Researchers recorded the weights and heights of 11,910 children at sixteen city schools in Cambridge, MS, every year between 1999 and 2003. They found that 85% of the overweight children remained that way from one year to the next. Of the children "at risk for becoming overweight," 18% put on enough pounds to move into the "overweight" category but 26% managed to achieve healthy weights at later dates. The authors noted that half of all overweight children become overweight adults. The number of overweight children ages 6-11 years has tripled over the past thirty years.

These findings suggest that "targeting overweight prevention efforts toward young children and children at risk for becoming overweight" might be a good idea.

The research team, led by Dr. Juhee Kim, also experimented with sending home "weight report cards" to parents at four of the schools. The majority of parents told interviewers that they liked receiving the information. However, overweight children whose parents received the reports did not lose weight. Nevertheless, because of this study, the Cambridge Public School System became one of many school districts that continues to send home "weight report cards."
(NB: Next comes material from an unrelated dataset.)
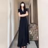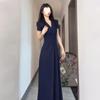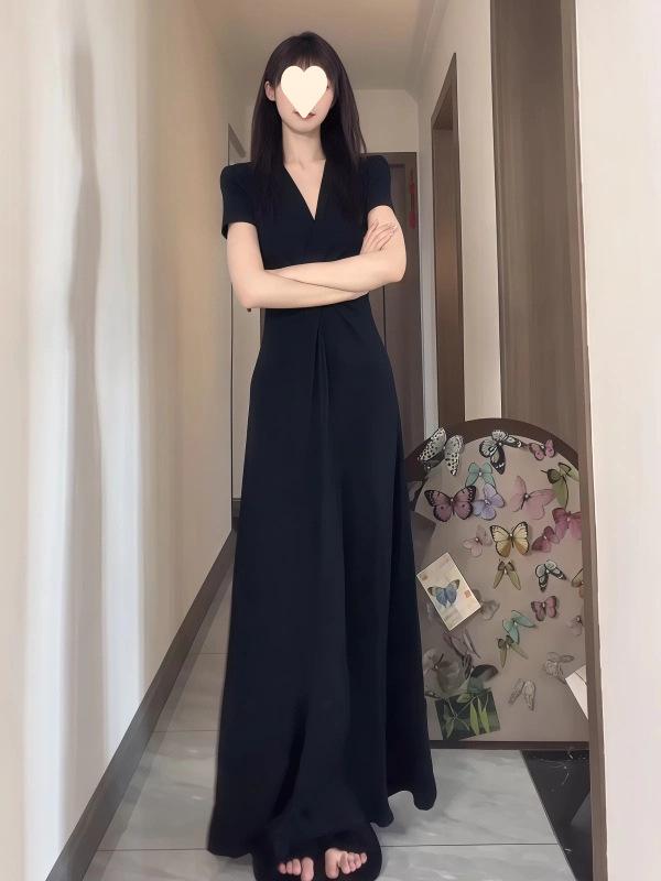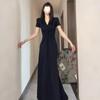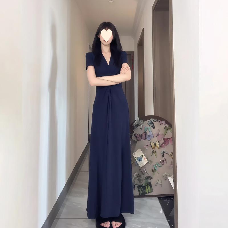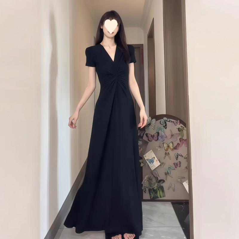 Verano francés puro y sexy chica caliente nuevo estilo de diseño vestido de cuello en V corte ajustado adelgazante cintura para mujer

The study appears in the September 2005 issues of the American Journal of Public Health.

Can High Schools Intervene to Help
Teenage Girls Get More Physically Active?

Despite the Title 9 laws that have encouraged girls' athletics, most high school girls do not like physical education classes. In fact, girls' levels of physical activity tend to drop dramatically between ages nine and 18 years.

Researchers at the University of South Carolina did a pilot study at 24 local high schools to see if school intervention programs could help teenage girls become more active.

Over two thousand girls kept diaries in the spring of their eighth grade year in school. The girls, average age 13 years, recorded their physical activity over the course of three days. Then they enrolled in high schools that provided "LEAP" or the Lifestyle Education for Activity Program. LEAP emphasizes girl-friendly classes in aerobics, dance, weight lifting and martial arts as well as traditional PE. Each school environment was changed to support physical activity for girls through role modeling by staff and family- and community-based activities and communications.

One year later the researchers again interviewed the girls and looked at their three-day reports of physical activities. Although they did not lose weight, the girls in the LEAP program did indeed participate in more physical activities than the ones in the control group.

The researchers concluded that schools "can make an important contribution to increasing physical activity among the nation's youth, which is a critical public health objective."